NB: поклонникам фелляции рекомендую для чтения, зайдя-таки на
Автор. Стр., рассказ "Между делом").

                или Порка для мамы

  Сверху нам всё было видно. Человек, стоящий рядом – мой приятель Бим. Он затащил меня на эту выставку. А теперь мы высматривали незнакомку, у которой нежный голосок, отдельная квартирка... Он что-то воодушевлённо говорил, но я почти не слушал. Всё в принципе одно и то же. Наверняка у неё есть и ягодицы, и родинки, а также рецепты любимых блюд, какие-то хвори и непременно виды на будущее.
  «Чёрт, - прошептал Бим, - это она, в жакете». Я не успел разглядеть, а он, этот зоркий ястребок, дёргал меня за рукав: «Выручай! Я к такой не пойду».
Ничего особенного, в смысле ужасного. Видал я стопроцентных кикимор, общался и плохого, наверно, сказать не могу. Но вот активные людишки, вроде перетрухнувшего приятеля, меня определённо раздражают. Тараканьи бега каждый день, а поди ж ты – харчами перебирают, идеалы в голове держат. Дюймовочками желают лакомиться, не помыв своих рук. Мне вдруг страшно захотелось окунуть его лицом в унитаз. Нет, бить бы не стал. Я тоже немного сноб и порой привередлив.
Вера подмены не заметила. Кроме меня было на что смотреть. Без гарцевания, не изощряясь в балагурстве, оказывал я знаки внимания немолодой девушке. Пляски, стриптиз, аукцион рабов, экспонаты, услуги, коктейли, бутерброды, плоть на картинках и в натуре... Гримасничанье Бима у стойки бара возле эффектной блондинки в предельно экономичном платье. Я жестами указываю довольному мачо, чтоб утирал салфетками обильную слюну.
  У подъезда целую даме ручку. Почти обещаю непременно заглянуть на днях. «Жду, звони обязательно». Именно так: в повелительном наклонении мелодичным голоском феи.

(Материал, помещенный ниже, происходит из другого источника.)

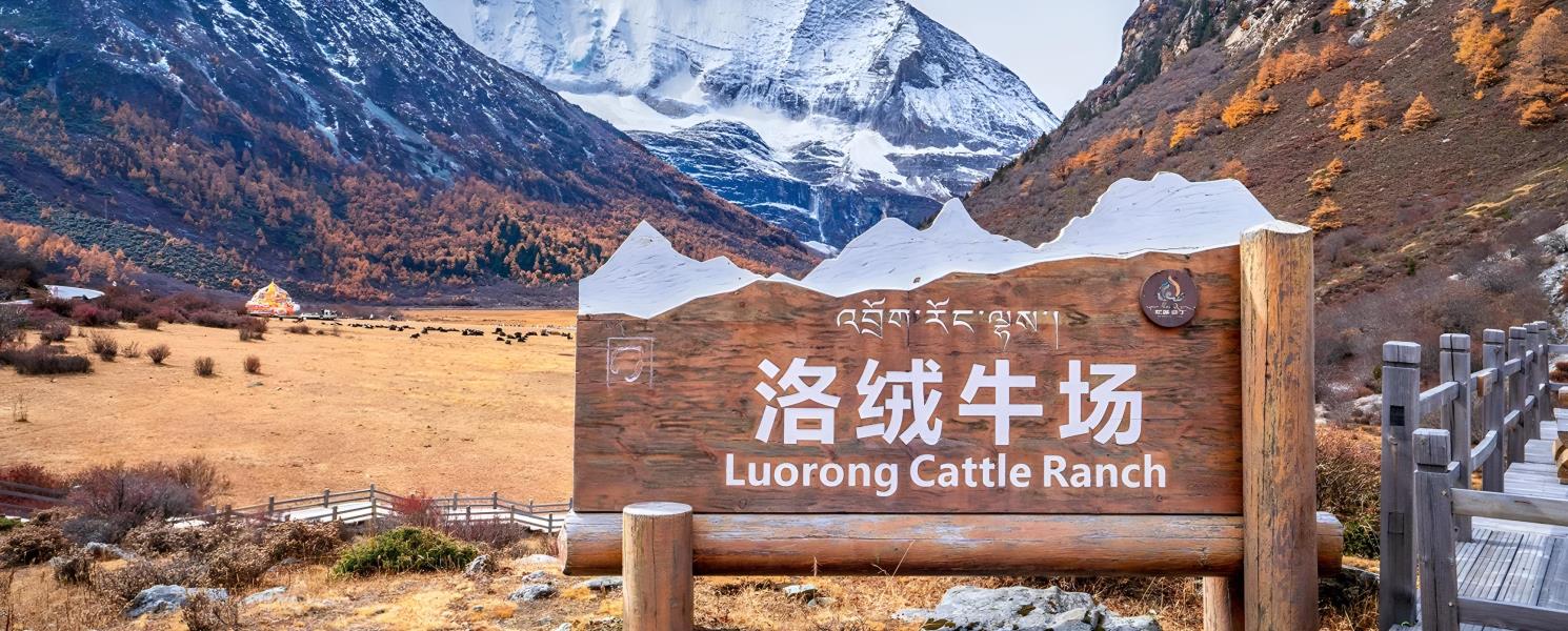 洛絨牛場是亞丁自然保護區著名景點之一,海拔4150米,是附近藏民放牧的牧場;洛絨牛場背靠三座神山,牛場周圍是連綿的高山草甸,春夏時節草甸上野花盛開,漫山遍野,非常壯觀,貢嘎河從牛場穿過,成群的牛羊在河邊和山坡上悠閒的吃草,一派和諧景象,徒步轉山的背包客常在此安營紮寨,觀賞拍攝神山日出日落。

  Неделю спустя объявился Бим. Со смешком поведал, что он, то есть я, очень понравился страшиле Вере. «Такой интеллигентный». (Глупышка, подумал я мимоходом, это словечко меня не греет)...Зовёт в гости.
– Ты вот что, запиши её номер, - суетится приятель, - звякни сам, скажи, что мобилу посеял. А то она будет мне названивать. Окей, Бом?
- Как здоровье, Бим?
- Откуда ты знаешь?
- О чём?
- Погорел я с той голозадой паскудой из бара. Налетел на меня её дружок или хозяин. Я бы справился с ним, но там целая стая. Как шакалы. Так что тебе повезло.
- В каком смысле?
- Если бы я не сбагрил тебе мымру, ты зацепил бы красотку, а они все на привязи, учтённые.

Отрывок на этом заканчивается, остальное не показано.